▶ **DIRECTIONS FOR THIS TASK**:
Return nothing but the lines from the one with "Şekil 10. Ek değerlendirme etkinlikleri" through the one with "Sepuluh langkah utama dalam" in the data below, word for word and without pictures.

▶ **SUPPLIED MATERIAL**:
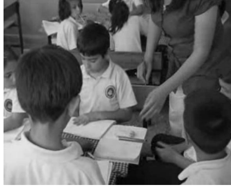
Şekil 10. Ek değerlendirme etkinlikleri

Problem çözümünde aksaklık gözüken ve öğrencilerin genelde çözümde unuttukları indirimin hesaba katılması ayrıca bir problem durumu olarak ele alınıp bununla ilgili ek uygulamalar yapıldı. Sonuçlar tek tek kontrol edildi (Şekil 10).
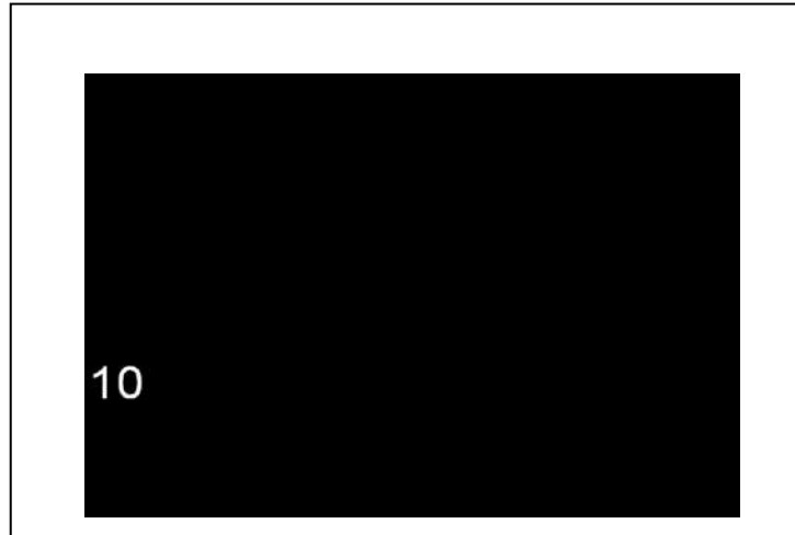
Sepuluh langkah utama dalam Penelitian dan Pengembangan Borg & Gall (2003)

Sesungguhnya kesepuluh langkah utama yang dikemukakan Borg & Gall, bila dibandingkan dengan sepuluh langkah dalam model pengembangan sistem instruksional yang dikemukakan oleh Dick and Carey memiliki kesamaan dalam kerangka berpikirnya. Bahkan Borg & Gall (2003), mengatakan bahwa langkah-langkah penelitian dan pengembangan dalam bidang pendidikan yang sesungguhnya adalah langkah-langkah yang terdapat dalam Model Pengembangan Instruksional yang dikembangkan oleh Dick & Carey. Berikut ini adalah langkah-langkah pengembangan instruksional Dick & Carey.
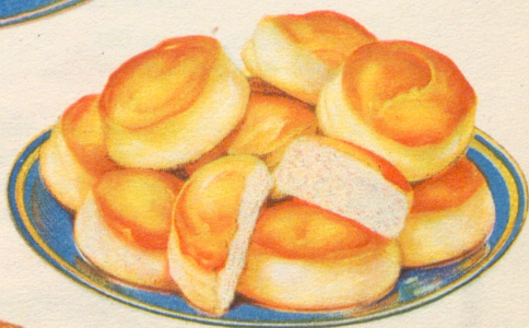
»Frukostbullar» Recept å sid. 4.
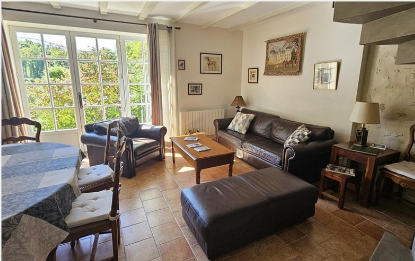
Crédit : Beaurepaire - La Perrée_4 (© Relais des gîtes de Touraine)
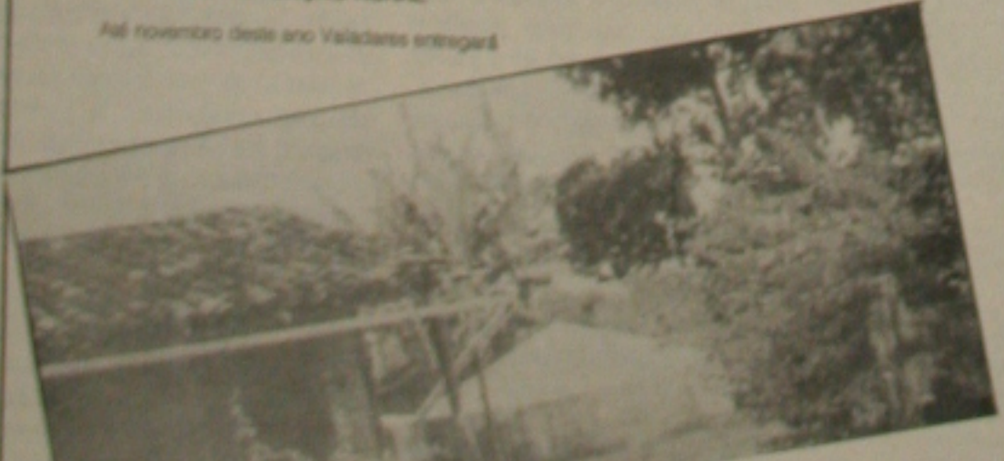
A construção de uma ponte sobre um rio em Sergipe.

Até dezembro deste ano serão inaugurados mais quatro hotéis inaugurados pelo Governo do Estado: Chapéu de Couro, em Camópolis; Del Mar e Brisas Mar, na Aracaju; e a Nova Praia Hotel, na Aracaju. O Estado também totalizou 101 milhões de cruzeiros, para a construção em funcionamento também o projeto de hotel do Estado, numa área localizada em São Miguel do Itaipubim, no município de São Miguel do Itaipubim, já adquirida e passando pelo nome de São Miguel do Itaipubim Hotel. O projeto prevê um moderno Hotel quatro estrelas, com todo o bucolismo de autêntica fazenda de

--

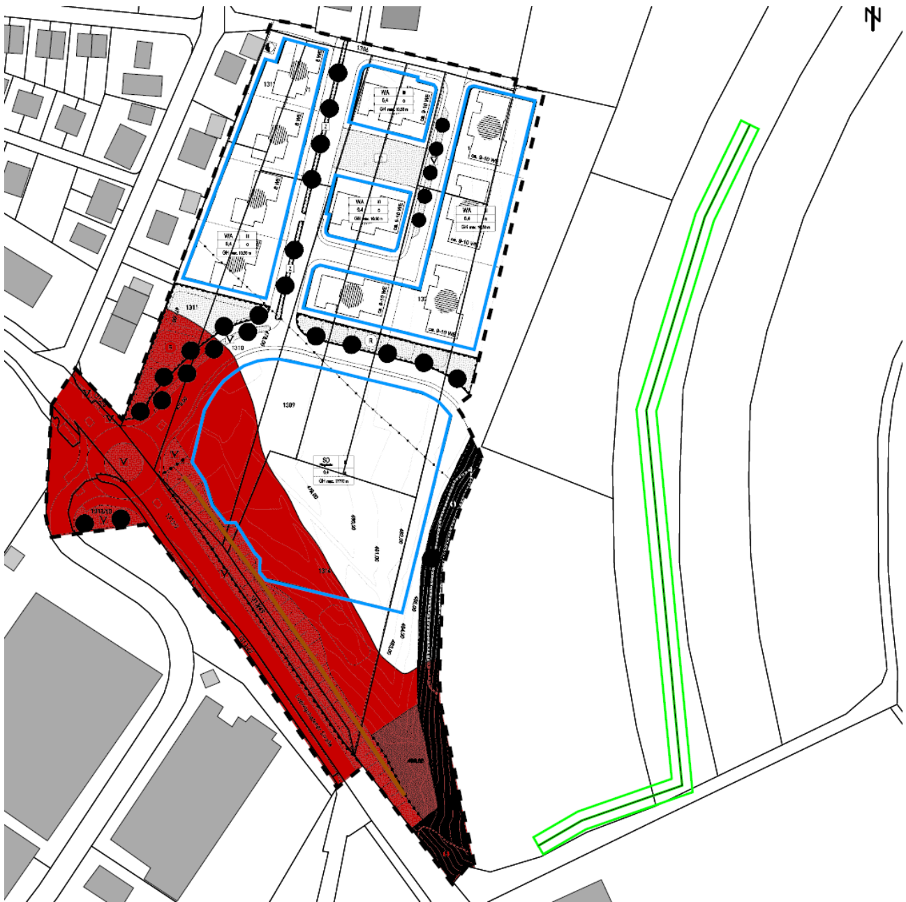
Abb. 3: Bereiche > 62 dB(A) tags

▶ **REPLY**:
Şekil 10. Ek değerlendirme etkinlikleri

Problem çözümünde aksaklık gözüken ve öğrencilerin genelde çözümde unuttukları indirimin hesaba katılması ayrıca bir problem durumu olarak ele alınıp bununla ilgili ek uygulamalar yapıldı. Sonuçlar tek tek kontrol edildi (Şekil 10).
Sepuluh langkah utama dalam Penelitian dan Pengembangan Borg & Gall (2003)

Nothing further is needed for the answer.